UCL team involved in using supercomputers to develop personalised medicine
14 June 2016
Professor Peter Coveney, UCL Chemistry has been involved in a project that aims to realise a long-held dream of designing medicine treatments so they are customised for individual patients. The team's latest work involved using one of the biggest supercomputers on the planet to generate vast amounts of data on how drugs work.
Many different tasks are usually tackled simultaneously by supercomputers but for this proposal to work, Prof Coveney's team (including Dr Dave Wright, Dr Shunzhou Wan, Mr Agastya Bhati and Mr Srdan Jovanovic) had to monopolise a cluster of two groups of computers called SuperMUC. This cluster consisted of 250,000 computers capable of more than 6.8 Petaflops (ten to the power of 15 Floating Point Operations per second) run by the Leibniz Supercomputing Centre (LRZ) in Germany.
"This is one of the biggest supercomputers in Europe - more than double the size of anything in UK - and we need this extraordinary computational power to design personalised medicines in the sort of time that a doctor would take between diagnosing a disease and then selecting an off the shelf medicine for a patient," explained the head of the team, Prof Coveney.
"We achieved all our objectives and more because the jobs in the workflow ran much faster than anticipated. Initial analysis indicates that the simulations will provide insight into how the two most common mutations responsible for acquired resistance to major anti-breast cancer drugs (such as Tamoxifen and Raloxifene) interfere with drug binding."
The results are now being analysed. The purpose of this project is to demonstrate that scientists can work out the way that a candidate drug will act on a target in the body - a protein - and in a matter of a few hours. "Fifty drugs and candidate drugs were studied to determine how they bind with protein targets in a range of disease cases, in order to rank their potency for drug development and for drug selection in clinical decision making," he explained.
If it works, it would mark an important advance for personalised medicine; treatments designed for individuals so that it works efficiently without side effects. Indeed, "it is taking far too long and costing far too much to discover new drugs by conventional experimental means; computer-based methods are the way forward," said Prof Coveney.
"Now that we can read the genetic makeup of a person relatively cheaply we should be able to develop and target many more drugs to specific individuals," he explained. "Most existing drugs are not effective against large swathes of the general population. In such clinical contexts, decisions regarding matching a drug to a patient will need to be taken within hours to effectively treat individuals and that is what we are trying to achieve."

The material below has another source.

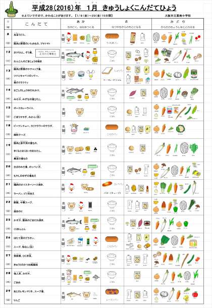 1月給食献立表・はぐくみ通信1月号を今日配付しました。ホームページの右記の配布文書「給食関係」にも載せています。
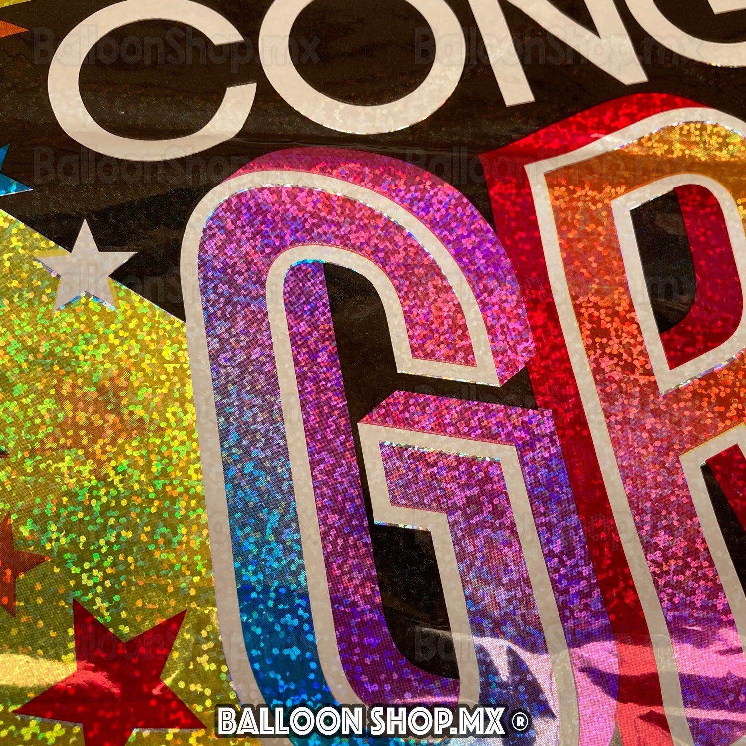 Globo rectangular de 18" en acabado holográfico en paleta degradada. Al centro tiene una estrella de color negro con la frase "Congrats GRAD" y un birrete.

The UCL team is not just ranking existing and future possible drugs but also generating leads for new/improved drugs. Science advances with new data but requires understanding too, and the insights into how drugs work that will arise from the breath-taking scale of Prof Coveney's simulations are only possible because his team is modelling the atomic details of how drug molecules actually work in the body.
This project is a product of long-standing collaboration between Professor Coveney (Director of UCL's Centre for Computational Science) and the Leibniz Supercomputing Centre.
Much of this has been supported by European Union funding. Their work is part of an EU funded project called ComPat, a €3 million project to support emerging high performance computing technologies; it is also a forerunner of an EU Centre of Excellence, run by Prof Coveney, who recently was awarded €5 million.